Ich verzog mich auf die Toilette— nicht einfach mit so einem Kleid — und stellte zu meiner Überraschung fest, dass mein dünner Slip aus weißer Spitze völlig durchnässt war. So etwas war mir in meinem ganzen Leben noch nicht passiert. Ganz in Gedanken hob ich ihn an meine Nase, doch es war nicht der Geruch von Urin, der mir entgegenwehte.

Seltsamerweise roch es auch nicht so, wie ich es von den seltenen Momenten kannte, wenn ich erregt gewesen war. Heute war es — wie so vieles — anders. Besser. Viel besser.

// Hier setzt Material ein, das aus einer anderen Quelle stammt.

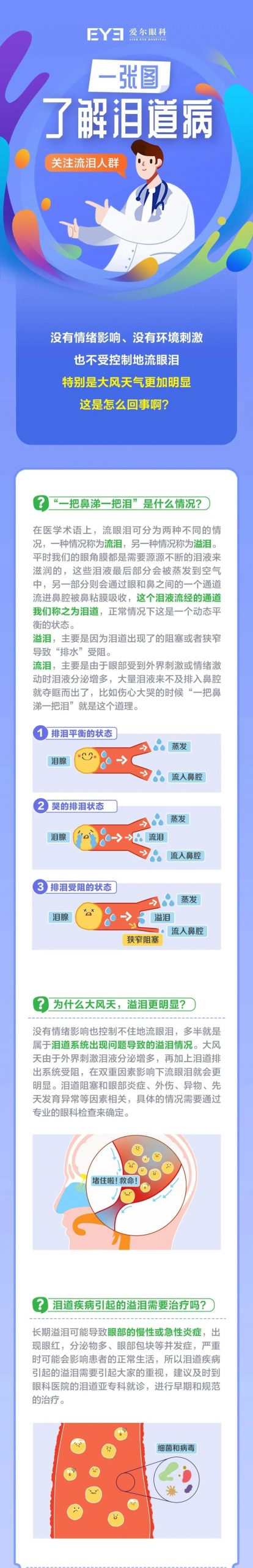 爱尔眼科湘潭地区眼表科刘申文主任提示,任何年龄段的人都有可能会患泪道疾病。目前,对于覆盖全年龄段及各类疑难复杂泪道疾病患者来说,可根据自身情况和医生建议进行如泪点闭锁、泪点狭窄、泪点移位、泪小管狭窄、泪总管狭窄、泪小管阻塞、泪总管阻塞、鼻泪管狭窄、鼻泪管阻塞、外伤性泪小管断裂、慢性泪囊炎、急性泪囊炎、泪道手术后复发等泪道疾病诊疗项目的治疗。
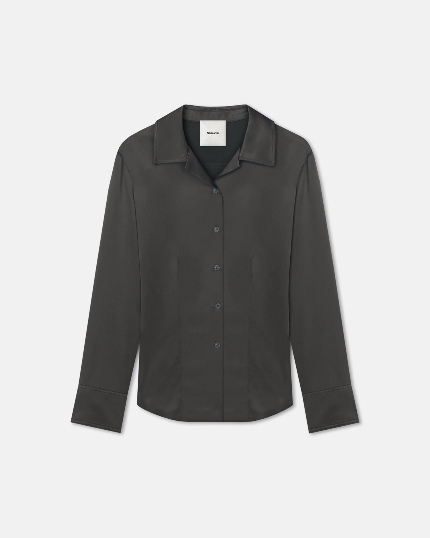 The Nathalie shirt is the definition of contemporary elegance. It’s made from our signature slip satin that hangs and drapes so fluidly. The dark-green hue is no less versatile than black.

Okay, was tun? Ich hatte es ein einziges Mal im Leben gewagt, ohne Höschen aus dem Haus zu gehen, und war die ganze Zeit in Panik verfallen. Was, wenn mein Kleid hochwehte? Was, wenn ich hinfiel oder mich ungeschickt bewegte, und mein Unterleib sichtbar wurde? Doch irgendwie konnte ich die damaligen Gefühle überhaupt nicht mehr nachvollziehen. Ich hatte mich am Vormittag nach der Anprobe noch einmal im Spiegel gemustert und fand mich schön. Meine Schamlippen waren dick und öffneten sich bei der kleinsten Berührung einladend. Und ja, ich hatte sie zum ersten Mal im Leben berührt, ohne dass ein Waschlappen oder Klopapier die Haut meiner Finger und die meines Schambereichs — der Gedanke an das Wort hatte mich kichern lassen — trennte. Und das Gefühl hätte mich fast dazu gebracht, mich aufs Bett zu werfen und auszuprobieren, was Masturbation bedeutete. Im letzten Moment jedoch kam mir der Gedanke, dass ich das besser für meine Hochzeitsnacht aufheben würde. Die Idee, für meinen Mann meine Beine zu spreizen und mich mit meinen Fingern zu befriedigen brachte meine Erregung auf die Spitze.